Growing Up With Fables, Waking Up to Landfills

“Beta, finish your rice or the Waste Monster will come for you!”

That was my grandfather’s favourite warning when I was a child growing up in 1990s Patna. His stories were vivid and slightly terrifying. Clouds that talked, rivers that laughed, mountains of trash that swallowed towns. At the time, I thought of them as dramatic bedtime tales meant to keep me in check. What I didn’t realise then was that these fables were his way of protecting us from a future he quietly feared.

Years later, I found myself standing in front of the Ghazipur landfill in Delhi. A massive, stinking mountain of garbage, nearly 65 metres tall, loomed ahead of me. It was leaking into the streets and homes nearby, especially during the monsoon, when used syringes and medical sludge washed into the drains. It hit me then, uncomfortably hard. The Waste Monster wasn’t fiction. It was real. And the healthcare system, the very one meant to save us, was one of many things that was feeding it.

India generates more than 62 million tonnes of municipal solid waste every year. Less than 20 percent of this is processed in any scientific way. A growing part of this pile is medical waste plastics, packaging, pharmaceuticals, and all the leftovers of modern medicine. We often celebrate our advances in healthcare, and rightly so, but we don’t talk enough about the hidden cost.

Hospitals, for all their life-saving work, are also some of the most resource-hungry spaces around us. According to the Lancet Countdown, healthcare is responsible for over 4 percent of global greenhouse gas emissions, even more than the aviation sector. In India, many hospitals still depend on diesel generators during power cuts, which adds to the same air pollution that sends people to them with breathing problems.
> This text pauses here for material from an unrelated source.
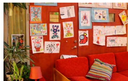
Elevernas teckningar pryder väggarna på Skogsängsskolan.
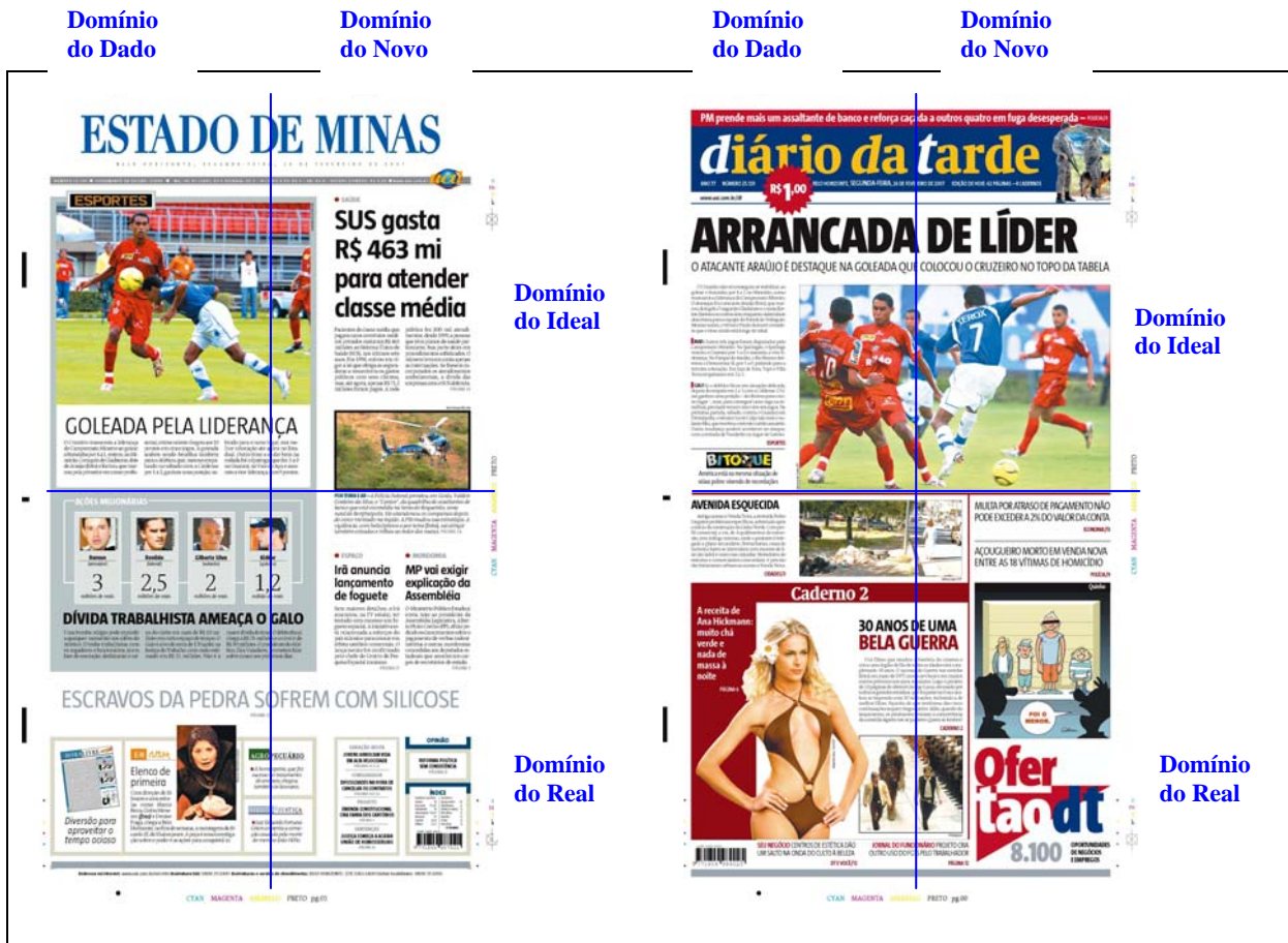
QUADRO 3 – Valor informacional na primeira página dos jornais Estado de Minas e Diário da Tarde .

Then there’s the plastic. Indian hospitals throw out over 1,100 tonnes of plastic waste every single day. Most of this comes from single-use items like syringes, IV tubes, gloves, wrappings, which are essential for infection control, but disastrous once they’re discarded. These lifesaving tools can sit in a landfill for hundreds of years. And then there’s the quieter threat: antibiotic residues in water bodies which are creating superbugs that resist treatment.
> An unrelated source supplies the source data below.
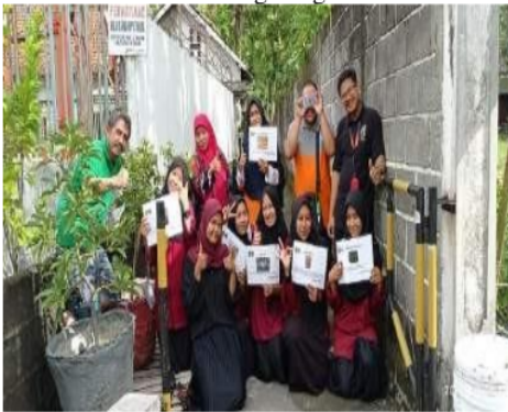
Gambar 4. Pembuatan Lab. Pengelolaan Sampah Terpadu
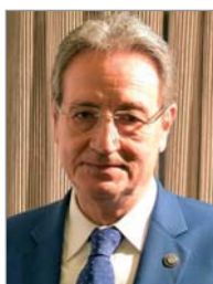
Guillem Saez Gobernador del Distrito 2202
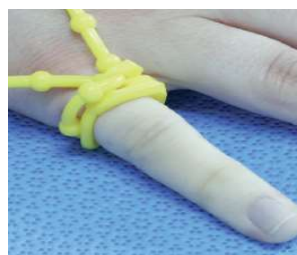
S-FLX-101-03 フォゲットミーノット
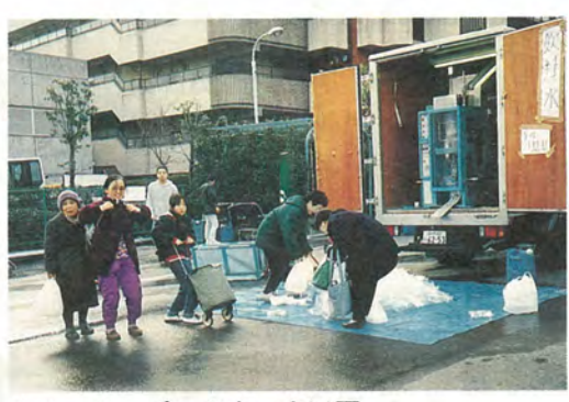
ウォーターパック車 大活躍 川や池の水から1分間に20ℓの飲料水をつくれる、 移動式では国内4自治体にしかない連続自動給水車が 現地で大活躍。被災者に喜ばれています。

市では、義援金受付本部を設置し、4月14日(金)まで援護課と各支所の窓口で、義援金の受け付けを行っています。 これまでに皆様から87,476,556円(2月9日(休)現在)の義援金をお寄せいただきました。ありがとうございます。 集められた義援金は、日本赤十字社および共同募金会などを通して、兵庫県災害対策本部へ送られています。 引き続き温かいご援助をお待ちしています。 ☎援護課

In short, we’re treating patients in spaces that are polluting the environment and in the process, making everyone else sicker.

But it wasn’t always this way. I still remember how my grandmother ran her kitchen. There was no such thing as waste. Scraps went into compost, old bottles were washed and reused, and worn-out clothes were stitched into quilts. Circularity wasn’t a fancy word then. It was just common sense. Somewhere along the way, we replaced that wisdom with convenience, and now we’re paying the price.
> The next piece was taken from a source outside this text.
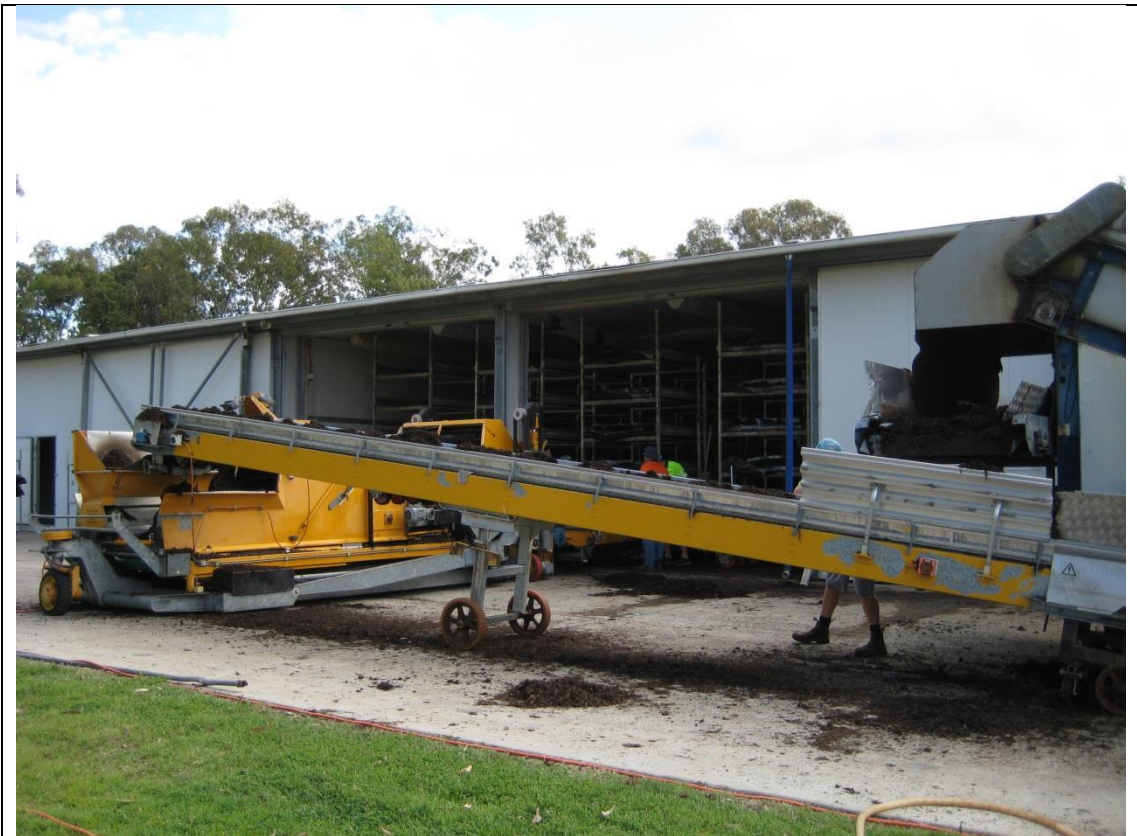
圖 5. 105 年 9 月 7 日參訪 Costa 公司-草菇栽培介質填裝情形。

The good news is that we can return to that sense of balance, even in healthcare. And it’s already happening in some places.

In Tamil Nadu, Aravind Eye Care uses solar-powered operating rooms. Their energy bills dropped by 75 percent, and the savings are used to offer free surgeries to those who can’t afford them. In Chennai, Kalaignar Centenary Super Speciality Hospital has cut its water and electricity bills drastically by using rainwater harvesting and better ventilation systems.

The effort isn’t limited to hospitals. In Dharavi, cooperatives recycle IV bags into plastic furniture. In Kerala, Ayurveda centres compost herbal waste into fertiliser that helps restore overused farmland. In Chhattisgarh, solar microgrids now power rural clinics through blackouts, helping lower maternal mortality. In Vietnam, rice husks are being turned into hospital fuel, cutting emissions by more than a third.

Whenever someone asks if these solutions are too risky or expensive, I think of Aravind again. Their reusable surgical tools have been linked to lower infection rates than single-use ones. But these are still exceptions. To make this the norm, we need bigger shifts. Policy guidelines like Ayushman Bharat and the National Health Mission must include sustainability goals. Medical manufacturers should be held accountable for the plastics they produce through mechanisms like Extended Producer Responsibility. Hospitals can start small with a waste audit here, a carbon report there, and gradually work their way into more circular systems.

As citizens, we need to be part of this shift, too. We can ask questions when we visit clinics. Do they use renewable energy? Do they reprocess their medical waste? Do they publish their environmental data? These may not be questions we’re used to asking, but they matter, and they signal that people care.

Across the world, countries are showing what’s possible. In Sweden, hospitals use AI to sort their waste in real time and power nearby homes with the energy generated. In Canada, hospitals lease and share expensive diagnostic machines rather than buying new ones. In Singapore, hospitals cool their buildings using underground aquifers instead of energy-heavy air conditioning.

India doesn’t just have the scale to make circular healthcare work. We have the creativity, community networks, and ancient wisdom to lead the way if we choose to act with urgency and imagination.

We’re the generation that inherited both the monster and the medicine. Circular healthcare is not some utopian fantasy. It’s a practical path forward, one that can cut costs, improve care, and stop our healing from hurting the planet.

It’s time we rewrote our fables. Not as cautionary tales from the past, but as blueprints for the future.